A Vote for Paolo Freire, for Palestine and for True Solidarity

In the first chapter of his book “The Pedagogy of the Oppressed,” Paolo Freire reminds readers that folks from the oppressor class can only truly be in solidarity with folks from the oppressed class when they are willing to forfeit their privilege.

”The oppressor is solidary with the oppressed only when he stops regarding the oppressed as an abstract category and sees them as persons who have been unjustly dealt with, deprived of their voice, cheated in the sale of their labor — when he stops making pious, sentimental, and individualistic gestures and risks an act of love. True solidarity is found only in the plenitude of this act of love, in its existentiality, in its praxis. To affirm that men and women are persons and as persons should be free, and yet to do nothing tangible to make this affirmation a reality, is a farce.”

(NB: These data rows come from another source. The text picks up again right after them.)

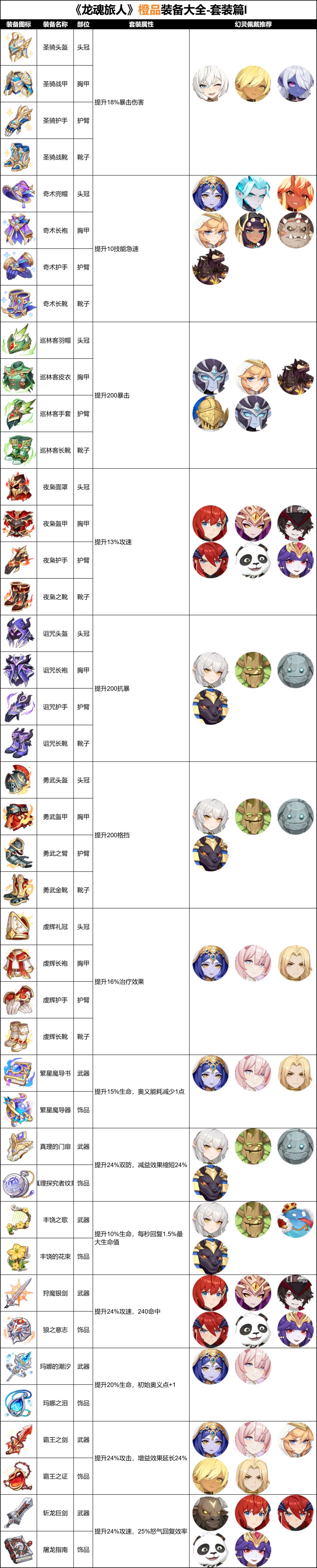 《龙魂旅人》橙品装备大全-套装篇I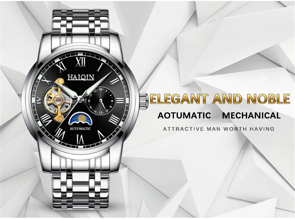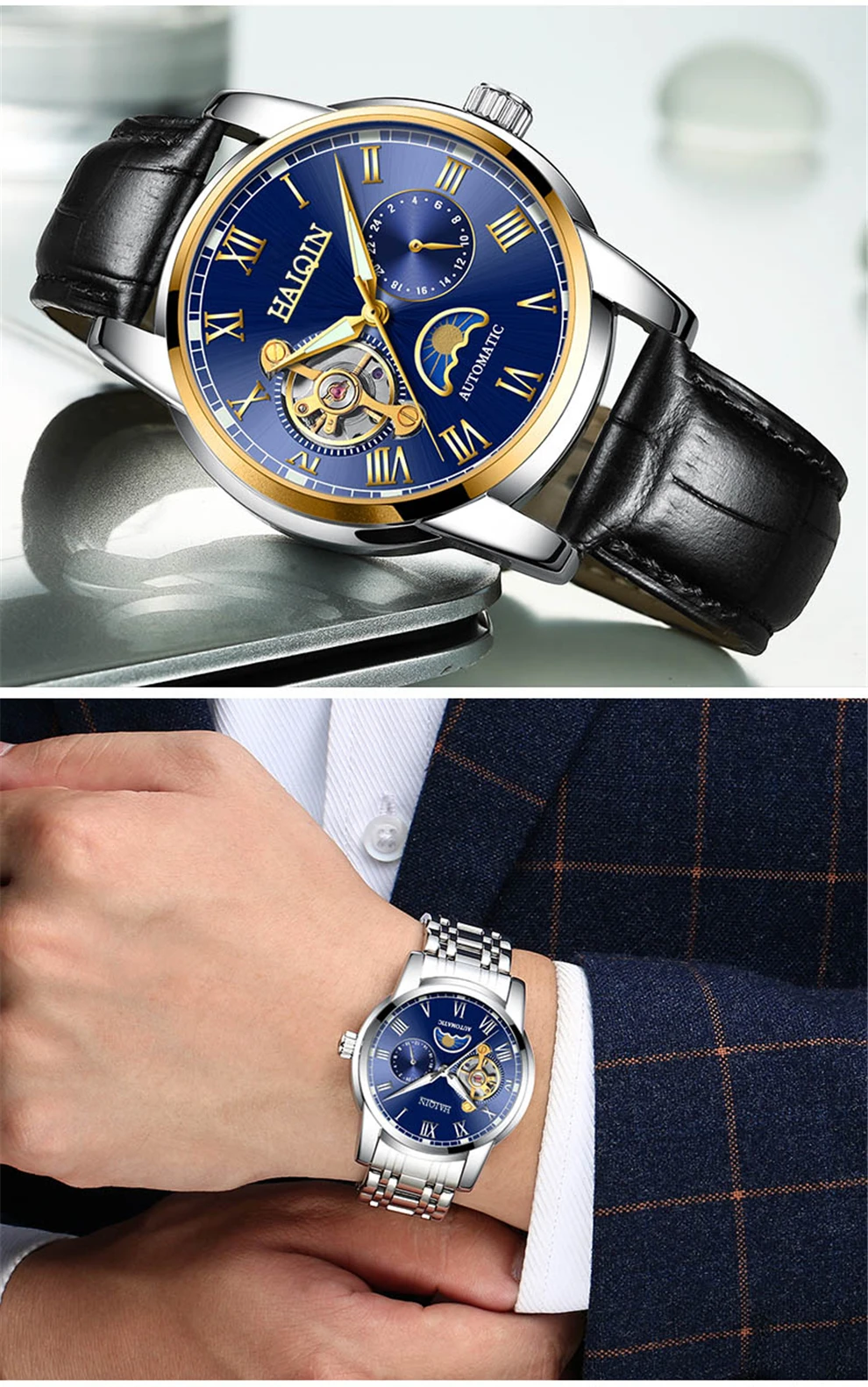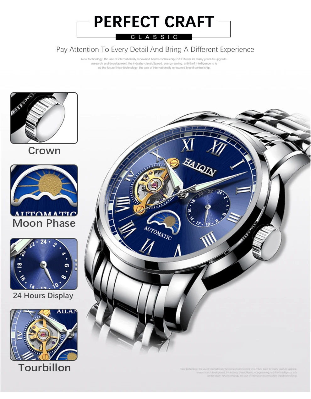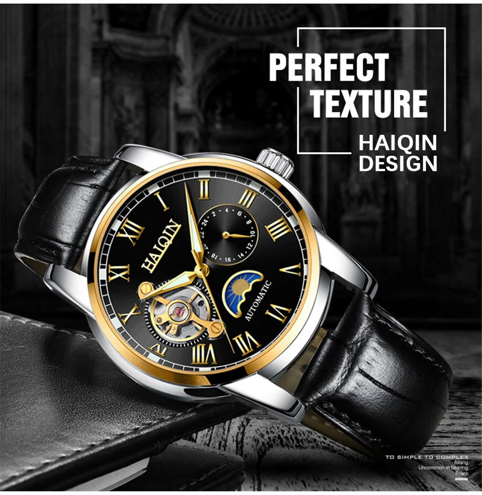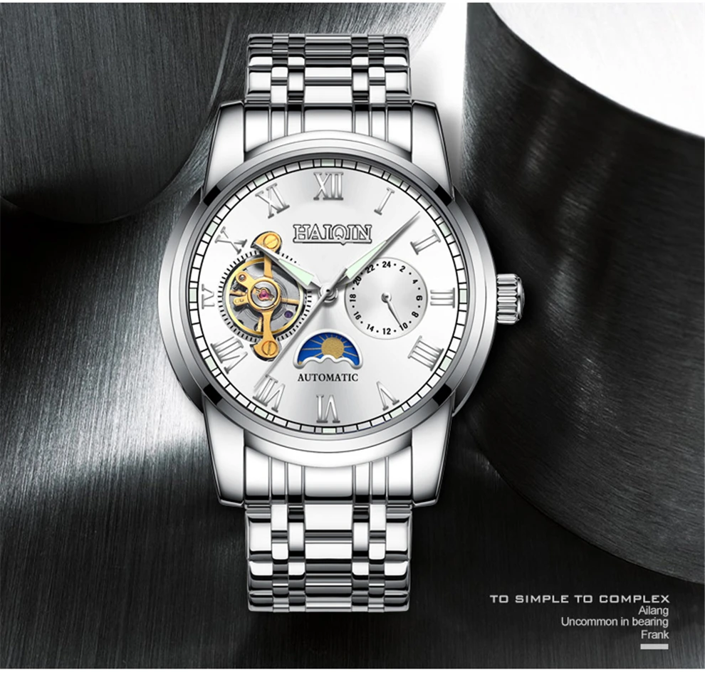 Automatic Machinery Men’s watches HAIQIN New top luxury brand watch men business steel clock men moon watch reloj hombre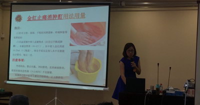 接下來(lái),由學(xué)術(shù)部經(jīng)理楊翩介紹了我們獨創(chuàng )的“金紅整痛療法”。本法以金紅止痛消腫酊為核心,結合中醫及苗醫理論,配合紅外線(xiàn)燈、透皮貼、拔罐、推拿等器械和手法,針對各類(lèi)疼痛進(jìn)行療程治療。在基層臨床開(kāi)展以來(lái),以其療效好,安全易操作的特點(diǎn),得到了醫生患者的好評。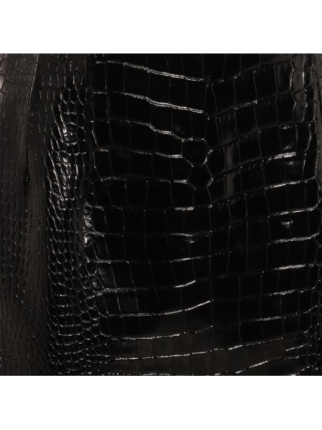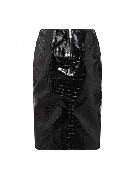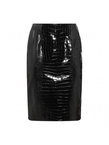 Black leather midi skirt from Versace featuring cocco effect, midi length and back zip fastening.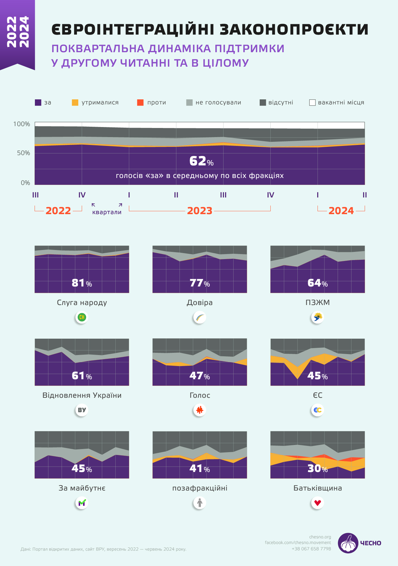Аналитики организации объясняют низкую поддержку евроинтеграционных инициатив отсутствием депутатов от "ЕС" на голосованиях, их содержанием или игнорированием законопроектов, направленных на адаптацию украинского законодательства к стандартам ЕС. Меньше представителей "Европейской Солидарности" за эти законопроекты голосовали только внефракционные депутаты.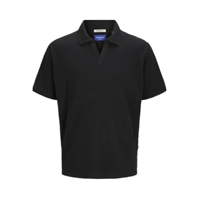 JACK & JONES Men's Joracapulco Texture Polo Ss, Black, XL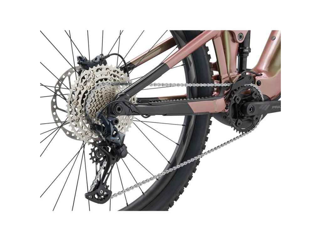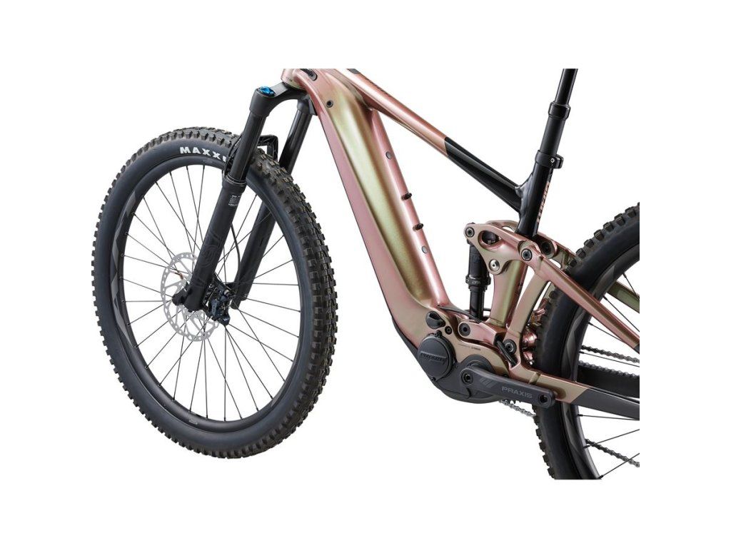 TENTO CELOODPRUŽENÝ TRAILOVÝ E-BIKE S HLINÍKOVÝM RÁMEM JE OSAZEN MOTOREM SYNCDRIVE PRO YAMAHA NEJNOVĚJŠÍ GENERACE, KTERÝ MÁ PŘI KOMPAKTNÍCH ROZMĚRECH VYSOKÝ TOČIVÝ MOMENT I MAXIMÁLNÍ PODPORU. ODPRUŽENÍ MAESTRO POSKYTUJE PLNĚ AKTIVNÍ ZDVIH 140 MM A DÍKY NASTAVITELNÉ GEOMETRII SI MŮŽETE KOLO PŘIZPŮSOBIT PODLE VAŠICH PREFERENCÍ. HLAVNÍ PŘEDNOSTI Vysoký výkon a dlouhý dojezd Motor SyncDrive Pro Yamaha poskytuje točivý moment 85 Nm a podporu až 400 %. Vyladěn je pro jízdu v těžším terénu – velmi dobře reaguje na točivý moment od jezdce a vytváří silnou podporu i při nízkých rychlostech. Integrovaná baterie EnergyPak Smart nabízí vysokou kapacitu 800 Wh (750 Wh u modelu Trance X E+ 3), rychlé nabíjení zajistí nabíječka Smart Charger. Rám kola je navíc připraven pro instalaci druhé baterie, která přidá 250 Wh (baterie EnergyPak Plus je nabízena samostatně). Pohodlné ovládání motoru Pro komfortní ovládání motoru jsou na kole dvě ovládací jednotky. Přímo u rukojeti je nenápadný ovladač RideControl Ergo 3, kterým můžete přepínat jízdní režimy i za jízdy v náročnějším terénu. Přímo na rámu je ovladač RideControl Go, což je víceúčelové tlačítko a barevné LED diody, které indikují zvolený jízdní režim a stav baterie. Další užitečné funkce (např. možnost vyladění podpory v jednotlivých jízdních režimech) nabídne mobilní aplikace Giant RideControl. Skvělé odpružení a nastavitelná geometrie Odpružení Maestro je plně aktivní a vysoce citlivé, jízda v terénu je díky tomu příjemnější a zábavnější. Tento systém také eliminuje nežádoucí pohupování při šlapání, takže neztrácíte energii a jedete plynuleji, rychleji a s menší námahou. Horní vahadlo odpružení má v sobě tzv. flip chip, který slouží ke snadné úpravě geometrie kola – pozice Low je vhodná pro rychlý „agresivní“ terén, nastavení do polohy High vytváří spíše XC-orientovanou jízdní pozici. HYBRIDNÍ TECHNOLOGIE MOTOR SyncDrive Pro, 85Nm, powered by Yamaha OVLÁDACÍ JEDNOTKA RideControl GO integrated in TT, RideControl Ergo 3 DISPLEJ ANT+ Wireless display compatible BATERIE EnergyPak Smart 800, EnergyPak Plus 250Wh range extender compatible RÁM VELIKOST XL BARVA Messier/Black RÁM ALUXX SL-grade Aluminum, Advanced Forged Composite linkage, 140mm Maestro Suspension System, 'Boost' 148x12 UDH rear axle, Giant EnergyPak Plus Range Extender Compatible VIDLICE Fox 36 Float Rhythm, 150mm travel, 44mm offset, EVOL, Grip Damper, Sweep adjust, Boost 110x15QR, e-optimized TLUMIČ Fox Float DPS Performance, EVOL Large Volume sleeve, 3-position Lever, 185x52.5mm Trunnion mount, custom tuned KOMPONENTY ŘÍDÍTKA Giant Contact 35 Trail, 35x780mm GRIPY Giant New trail grip Half-waffle/single lock-on PŘEDSTAVEC Giant Contact SL 35 SEDLOVKA Giant Contact Switch dropper, remote, 30,9 mm SEDLO Giant Romero E PEDÁLY Flat pedal OSAZENÍ ŘAZENÍ Shimano SLX PŘESMYKAČ MRP HD2 co-moulded chain guide PŘEHAZOVAČKA Shimano SLX, 12-speed, Shadow+ BRZDY Shimano Deore, BR-M6120, 4-piston, hydraulic disc, 203mm BRZDOVÉ PÁKY Shimano Deore KAZETA Shimano CS-M6100-12, 10-51T, 12-speed ŘETĚZ KMC e.12 Turbo, EcoProteq, e-bike optimized KLIKY Praxis Wavetm 36T Cold Forged 4130 premium steel Praxis e-Cadet+ custom forged crankarm set (Q-factor=168, S:160, M/L:165, XL:170) KOLA RÁFKY Giant AM 29", Tubeless ready, 30mm inner width NÁBOJE Shimano MT410 Boost, Center-Lock, [F] 110x15 [R] 148x12mm MicroSpline Drive Body Thru-axle DRÁTY Sapim E-Lite [R] Race [F], e-bike optimized PLÁŠTĚ Maxxis Minion DHF 29x2.6" foldable, Tubeless, EXO+, 3C MaxxTerra [F]Maxxis Dissector 29x2.6" Foldable, Tubeless, EXO+, 3C MaxxTerra [R] DOPLŇKY Tubeless kit (liquid, valves, levers, manual, tool) PŘÍSLUŠENSTVÍ ZÁMEK Torx 25 Battery Lock with built-in Torque limiter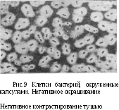 Многие бактерии образуют капсулу снаружи клеточной стенки, представляющую скопление слизистого вещества (полисахариды, полипептиды). В зависимости от размера различают микрокапсулу и макрокапсулу. При микроскопировании капсулированных бактерий капсулы имеют вид бесцветного ореола (рис.7), окружающего клетки, так как вещество капсул слабо фиксирует краситель и легко отмывается в процессе обработки препарата.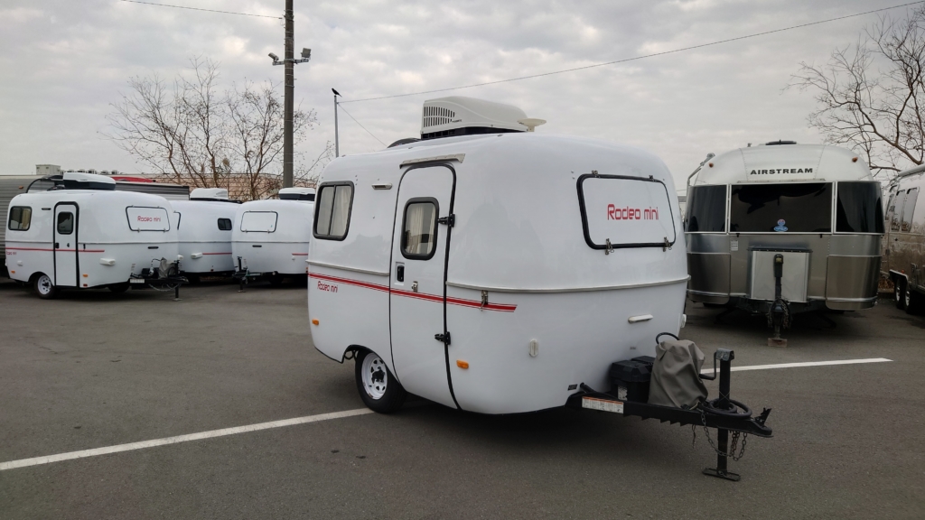 牽引免許不要モデル Rodeomini13ft Type1・新車ワンオーナー・TV付地デジ・矩形波1500Wインバーター・ガス式FFヒーター・温水ボイラー・二段ベット&ソファー・電磁ブレーキ付・ガス2本付・手押しドーリー付・ルーフクーラー・3WAY冷蔵庫・シンク&ギャレー・車検6年11月まで・新車ワンオーナー・開閉式網戸・LED灯・収納棚・マックスファンルーフベント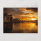 En gyllene solnedgång i silhuetterna Tyne Bridge och Millennium Bridge medan Östersjön och Sage Gateshead lyser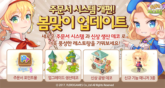 Ç÷¹·Î°ÔÀÓÁî´Â Àڻ簡 °³¹ß ¹× ¼ºñ½ºÇÏ´Â ·¹½ºÅä¶û °æ¿µ SNG 'µÎ±ÙµÎ±Ù ·¹½ºÅä¶û for Kakao'ÀÇ Æ÷ÀÎÆ®¸ô ¾÷µ¥ÀÌÆ®¸¦ ½Ç½ÃÇÑ´Ù°í 30ÀÏ(¸ñ) ¹àÇû´Ù. À̹ø ¾÷µ¥ÀÌÆ®¸¦ ÅëÇØ Ãß°¡µÇ´Â Æ÷ÀÎÆ®¸ôÀº °ÔÀÓ ³»¿¡¼ »ç¿ëÇÒ ¼ö ÀÖ´Â °¢Á¾ Àç·á¸¦ ºñ·ÔÇØ ÃÖ»ó±Þ º¸¼®,¾÷±×·¹À̵å Àç·á µîÀ» ȹµæÇÒ ¼ö ÀÖ´Â »óÁ¡ÀÌ´Ù. ÀÌ¿ëÀÚ´Â ±âÁ¸ÀÇ ÁÖ¹®¼ ½Ã½ºÅÛÀ» ÅëÇØ ÇÏÆ®, ÁÖ¹®¿Õ RP(·©Å· Æ÷ÀÎÆ®)¿Í ÇÔ²² Æ÷ÀÎÆ®¸ô¿¡¼ »ç¿ëÇÒ ¼ö ÀÖ´Â Æ÷ÀÎÆ®¸¦ ȹµæÇÒ ¼ö ÀÖ°í, À̸¦ ÅëÇØ Æ÷ÀÎÆ®¸ô¿¡¼ ¿øÇÏ´Â ¹°Ç°À» ±¸¸ÅÇÒ ¼ö ÀÖ°Ô µÈ´Ù. Æ÷ÀÎÆ®¸ôÀÇ ¾ÆÀÌÅÛÀº 24½Ã°£ °£°ÝÀ¸·Î ±³Ã¼µÅ ÀÌ¿ëÀÚµéÀº ¸ÅÀÏ »õ·Î¿î ǰ¸ñÀÇ ¾ÆÀÌÅÛÀ» ¸¸³¯ ¼ö ÀÖÀ¸¸ç, ¿øÇÏ´Â ¾ÆÀÌÅÛÀÌ Ç°¸ñ¿¡ ¾øÀ» °æ¿ì¿¡´Â °ÔÀÓ ³» Àçȸ¦ »ç¿ëÇØ ¸ñ·ÏÀÇ °»½ÅÀ» ¹Ù·Î ÁøÇàÇÒ ¼öµµ ÀÖ´Ù. ¾Æ¿ï·¯ ÀÌ¿ëÀÚµé °£ÀÇ ¹°Ç° °Å·¡¸¦ ÇÒ ¼ö ÀÖ´Â ´º½º¸¶ÄÏ¿¡ µî·ÏÇÒ ¼ö ÀÖ´Â ÆÇ¸Å ±Ý¾×µµ ´ëÆøÀ¸·Î »óÇâ Á¶Á¤µÈ´Ù. ¶ÇÇÑ Æ¯º°»óÁ¡¿¡¼ ´Ù¼öÀÇ ¹°Ç°À» ÆíÇÏ°Ô ±¸ÀÔÇÒ ¼ö ÀÖ´Â ¼ö·® ¼±Åà ÆíÀDZâ´Éµµ ¾÷µ¥ÀÌÆ®µÈ´Ù. Ç÷¹·Î°ÔÀÓÁî´Â ±Ý¹ø ¾÷µ¥ÀÌÆ®¸¦ ±â³äÇØ ´Ù¾çÇÑ À̺¥Æ®¸¦ ÁøÇàÇÑ´Ù. ¾÷µ¥ÀÌÆ® ´çÀÏÀÎ 3¿ù 30ÀÏ °ÔÀÓ¿¡ Á¢¼ÓÇÏ´Â ÀÌ¿ëÀÚµé Àü¿ø¿¡°Ô °ÔÀÓ ¾ÆÀÌÅÛÀ» ¼±¹°·Î Áö±ÞÇϸç, ¿À´Â ÀÏ¿äÀϱîÁö´Â ŽÇè º¸»ó 2¹è À̺¥Æ®µµ ÁøÇàµÈ´Ù. 'µÎ±ÙµÎ±Ù ·¹½ºÅä¶û for Kakao'´Â µ¿È ¼Ó ij¸¯Å͵é°ú ¾Æ±âÀÚ±âÇÑ ±×·¡ÇÈÀÌ Æ¯Â¡ÀÎ ·¹½ºÅä¶û °æ¿µ ¼Ò¼È °ÔÀÓÀ¸·Î, Áö³ 2014³â 8¿ù 26ÀÏ Ãâ½ÃÇÑ ÀÌ·¡ Áö±Ý±îÁö ÀÌ¿ëÀÚµéÀÇ ²ÙÁØÇÑ »ç¶ûÀ» ¹Þ°í ÀÖ´Ù. º» °ÔÀÓ¿¡ ´ëÇÑ º¸´Ù ÀÚ¼¼ÇÑ ¼Ò½ÄÀº °ø½Ä Ä«Æä(http://cafe.naver.com/fleroddr )¿¡¼ È®ÀÎÇÒ ¼ö ÀÖ´Ù.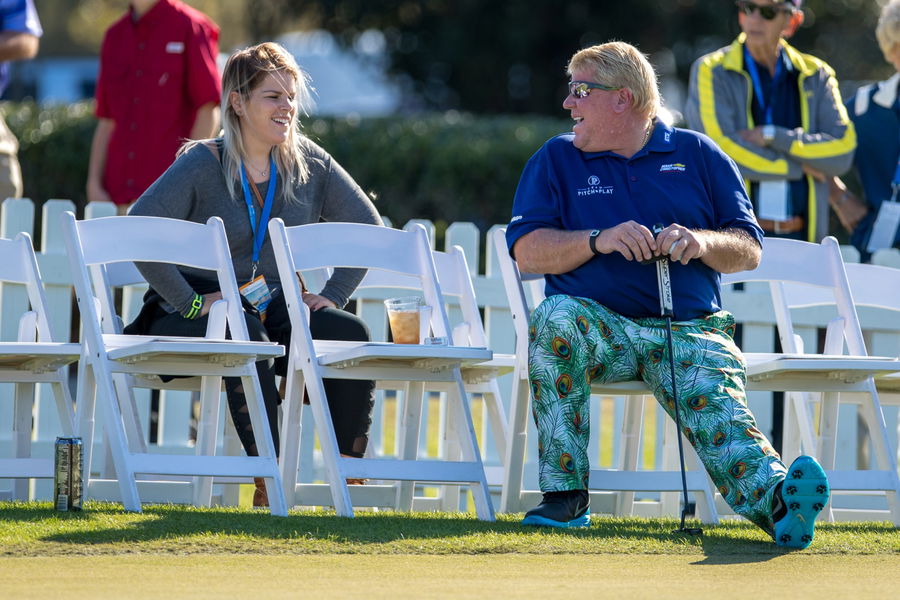 ORLANDO, FL – DECEMBER 16: John Daly and his daughter chat on the putting green before the third round of the PNC Father/Son Challenge at The Ritz-Carlton Golf Club on December 16, 2017 in Orlando, Florida. (Photo by Manuela Davies/Getty Images)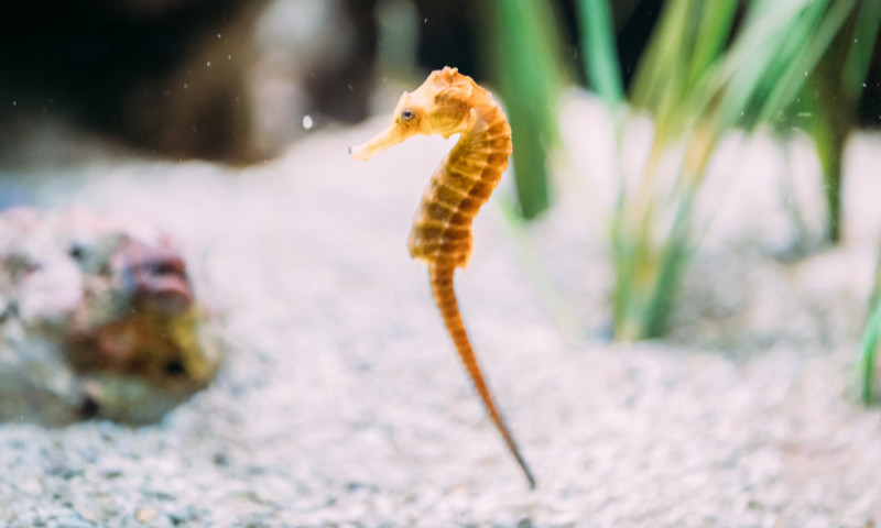 Quando um cavalo-marinho quer nadar para cima, endireita a cauda curva como uma caneta e respira um pouco de ar.

The feeling I had this morning after voting not for a party I would chosen on my own, but rather a party I was instructed to vote for by a Palestinian to whom I offered my vote as part of the Real Democracy Initiative, was not a good feeling. My friend and fellow-blogger Mairav Zonszein, with whom I’d discussed voting options at multiple stages of both of our processes (to boycott or not to boycott? To vote Da’am or not to vote Da’am?), participated in the same initiative and expressed a similar feeling in the blog she wrote about voting for a party she wouldn’t have voted for on her own this morning:

”And I don’t want or need anyone’s pat on the back or admiration for this move. The opposite. I’m not proud of it at all. In fact I’m ashamed. People should be angry and ashamed, like I am, that it has come to this. It has come to a point where I, who never thought I could or would give up my right to vote, have done so.”

I think Mairav is right. Today is not a happy day. We should not leave the voting booths feeling good about ourselves, satisfied that we have done our part, glowing either with democratic fervor for those of us who still believe that this place can be called democratic  while brutally occupying millions of non-citizens for four and a half decades, or with radical fervor for those of us who ”gave up our votes.” Maybe the lesson to be learned from having voted for a party I did not want to vote for is more meaningful than the pleasant feeling I would have gotten voting for Hada”sh not for myself, but for a Palestinian! (wink wink). Maybe this is what Freire was talking about, maybe this is what giving up privilege feels like: bad. Right, perhaps even crucial, but bad.